To further evaluate the PAX8–NFE2L2 fusion, we investigated the expression of known target genes downstream of NFE2L2. We found that known NFE2L2 targets were strongly induced in the tumor that carried the PAX8–NFE2L2 fusion, supporting its function as a potent activator of the NFE2L2 transcriptional program (Fig. 5C). By considering an expanded set of THCA tumors with available exome sequencing data, we identified one tumor with a KEAP1 mutation, likewise associated with strong induction of NFE2L2 target mRNAs (Fig. 5C). This further supports that NFE2L2 activation may contribute to tumorigenesis in some thyroid carcinomas.
We next synthesized the PAX8–NFE2L2 fusion transcript and cloned it into a lentiviral vector (Fig. S7), and used this to overexpress it in the murine prostate adenocarcinoma cell line TRAMP-C1 (SI Methods). We used high-coverage RNA sequencing (>30 million reads per sample) to compare the expression profiles of cells expressing the PAX8–NFE2L2 fusion transcript with cells transduced with an empty vector. We observed a prominent transcriptional response dominated by inductions (534 induced and 215 repressed genes at q < 0.01; Fig. 5D).
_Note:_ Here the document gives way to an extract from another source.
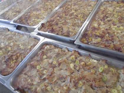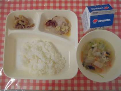 【ごはん、豚肉のねぎじょうゆ焼き、すまし汁、れんこんのおかかいため、牛乳】
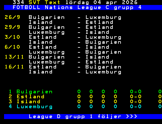 FOTBOLL Nations League C grupp 4 26/9 Bulgarien - Luxemburg Island - Estland 29/9 Bulgarien - Estland Luxemburg - Island 3/10 Estland - Luxemburg Island - Bulgarien 6/10 Estland - Island Luxemburg - Bulgarien 13/11 Bulgarien - Island Luxemburg - Estland 16/11 Estland - Bulgarien Island - Luxemburg 1 Bulgarien 0 0 0 0 0-0 0 2 Estland 0 0 0 0 0-0 0 3 Island 0 0 0 0 0-0 0 4 Luxemburg 0 0 0 0 0-0 0 League D grupp 1 följer >>> +Dela 19 dagar

PAX8–NRF2 fusion gene constructs.
To identify affected pathways, we next performed gene set enrichment analysis using GSEA (44). Whereas no gene sets were significantly down-regulated, four sets were enriched among induced genes (adjusted P < 0.05; Fig. 5E). Notably, these included experimentally determined targets of NFE2L2 (“transcriptional activation by NRF2”; Fig. 5F), as well as “glutathione metabolism,” “oxidative stress,” and “arylhydrocarbon receptor” signaling, all of which are known to be regulated by NFE2L2 (43, 45). Induction of the canonical NFE2L2 targets Gclc and Gclm was confirmed by quantitative RT-PCR (2.4- and 3.1-fold, respectively; P < 0.022), further showing that the PAX8–NFE2L2 fusion protein is a capable activator of NFE2L2 target mRNAs (Fig. 5G).
SI Methods
Data Overview.
Sequencing data from 600 tumors in 18 nonembargoed cancer types were obtained from the Cancer Genomics Hub (cgHub) repository (Dataset S1). Aligned high-coverage WGS tumor/normal pairs (bam file >75 Gb) together with matched RNA-seq data for 431/600 samples were used in this study. In addition, Affymetrix SNP6 copy number data for the matched tumors (seg files) were downloaded.
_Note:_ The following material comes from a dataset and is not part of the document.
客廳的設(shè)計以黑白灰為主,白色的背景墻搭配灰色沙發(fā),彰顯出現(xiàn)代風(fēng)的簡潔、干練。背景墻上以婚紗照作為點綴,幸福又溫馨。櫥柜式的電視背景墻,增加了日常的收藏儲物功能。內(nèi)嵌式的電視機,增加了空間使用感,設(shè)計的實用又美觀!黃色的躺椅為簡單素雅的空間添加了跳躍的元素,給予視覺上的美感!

Benchmarking SV Detection Tools.
To compare the performance of WGS-based SV detection tools in terms of both sensitivity and specificity, we implemented a benchmarking method based on a comparison with CNA breakpoints determined from Affymetrix SNP6 array data. CNA segments with absolute amplitude less than 0.3 and segment size less than 10 kb were removed. Similarly, intrachromosomal SVs smaller than 10 kb were filtered out. Sensitivity scores were measured as the fraction of CNA breakpoints that had an SV breakpoint within 15 kb. To assess the specificity of the results, we randomized the positions of the CNA breakpoints by adding a normally distributed random noise with an SD of 1 Mb to each breakpoint, followed by assessment of overlaps with SV breakpoints as described above.
Benchmarking was performed on 11 samples selected to have a high number of CNA breakpoints. Our benchmarking method was used to assess SV breakpoints derived from DELLY, SVDetect, BreakDancer, and Meerkat, all applied to BWA bam files available from TCGA. For SVDetect, these parameters were specified: window_size 10000, step length 3000, nb_pairs_threshold 3, and strand filtering 0. Meerkat was run using parameters suggested for >20× coverage genomes. DELLY (version 0.7.2) and BreakDancer (version 1.1.2) were used with default parameters.
Mapping Structural Variations Using WGS.
Somatic SVs for 600 tumor/normal pairs were mapped using Meerkat (11). A variant was considered only if it had at least three discordant read pairs and one read spanning the breakpoint junction. The “somatic call” function was used to identify somatic events. Next, simple SVs with two breakpoints spanning the same repeat family in the RepeatMasker track taken from the University of California Santa Cruz Table Browser view (58) were removed. Finally, SV breakpoints were annotated against the GENCODE (version 17) gene annotation (59). In cases where breakpoints overlapped with both a coding and a noncoding gene, the coding gene was used for annotation.
Integrative Analysis of SV and Expression Data.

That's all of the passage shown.